Dataset content
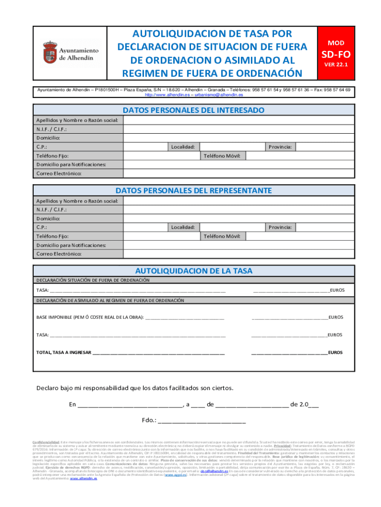 AUTOLIQUIDACION DE TASK POR DECLARATION DE SITUATION DE ERA DE ORDINATION O SIMILAR AL REGIMEN DE ERA DE ORDENACINMODSDFO VERY 22.1Ayuntamiento de Allende P1801500H Plaza ESAA, S/N 18.620 Allende
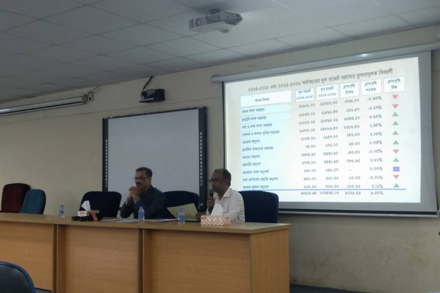 DU Treasurer Prof. M. Jahangir Alam Chowdhury explained various aspects of the budget at a press conference.
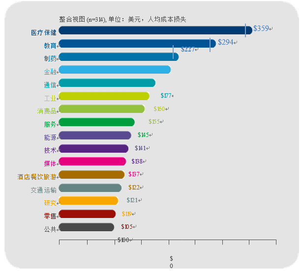 圖2:按行業(yè)分類的人均成本損失 (波耐蒙研究所,《2014年波耐蒙數(shù)據(jù)泄露成本研究》)(Ponemon Institute,“2014PonemonCost of DataBreachStudy”)

Work to complete
Copy the listing character for character, pictures omitted.

Result of this exercise
 AUTOLIQUIDACION DE TASK POR DECLARATION DE SITUATION DE ERA DE ORDINATION O SIMILAR AL REGIMEN DE ERA DE ORDENACINMODSDFO VERY 22.1Ayuntamiento de Allende P1801500H Plaza ESAA, S/N 18.620 Allende
 DU Treasurer Prof. M. Jahangir Alam Chowdhury explained various aspects of the budget at a press conference.
 圖2:按行業(yè)分類的人均成本損失 (波耐蒙研究所,《2014年波耐蒙數(shù)據(jù)泄露成本研究》)(Ponemon Institute,“2014PonemonCost of DataBreachStudy”)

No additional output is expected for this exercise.